Norman gave way to a fit of silent laughter. "I can imagine," he presently said, "what you'd have thought if Columbus or Alexander or Napoleon or Stevenson or even the chaps who doped out the telephone and the telegraph—if they had talked to you before they arrived. Or even after they arrived, if they had been explaining some still newer and bigger idea not yet accomplished."
"You don't think Mr. Hallowell was mad?"
"He was mad, assuming that you are the standard of sanity. Otherwise, he was a great man. There'll be statues erected and pages of the book of fame devoted to the men who carry out his ideas."
"His death was certainly a great loss to his daughter," said Tetlow in his heaviest, most bourgeois manner.
"I said he was a great man," observed Norman. "I didn't say he was a great father. A great man is never a great father.
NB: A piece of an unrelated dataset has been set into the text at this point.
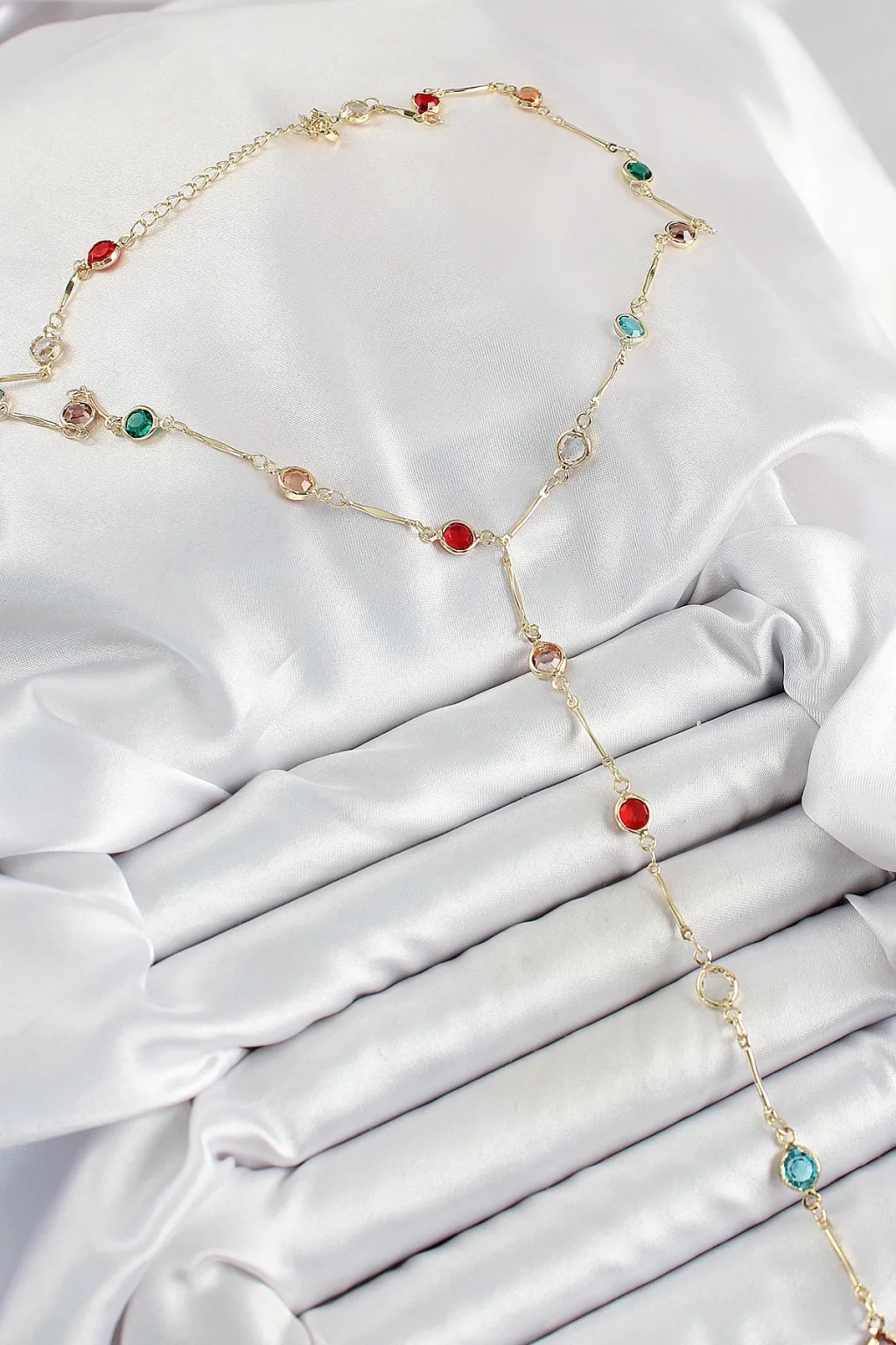 Pirinç Asorti Model Gold Renk Zirkon Taşlı Y Kolye

It takes a small man to be a great father."
"At any rate, her having no parents or relatives doesn't matter, now that she has you," said Tetlow, his manner at once forced and constrained.
"Um," muttered Norman.
Said Tetlow: "Perhaps you misunderstood why I—I acted as I did about her, toward the last."
"It was of no importance," said Norman brusquely. "I wish to hear nothing about it."
"But I must explain, Fred. She piqued me by showing so plainly that she despised me. I must admit the truth, though I've got as much vanity as the next man, and don't like to admit it. She despised me, and it made me mad."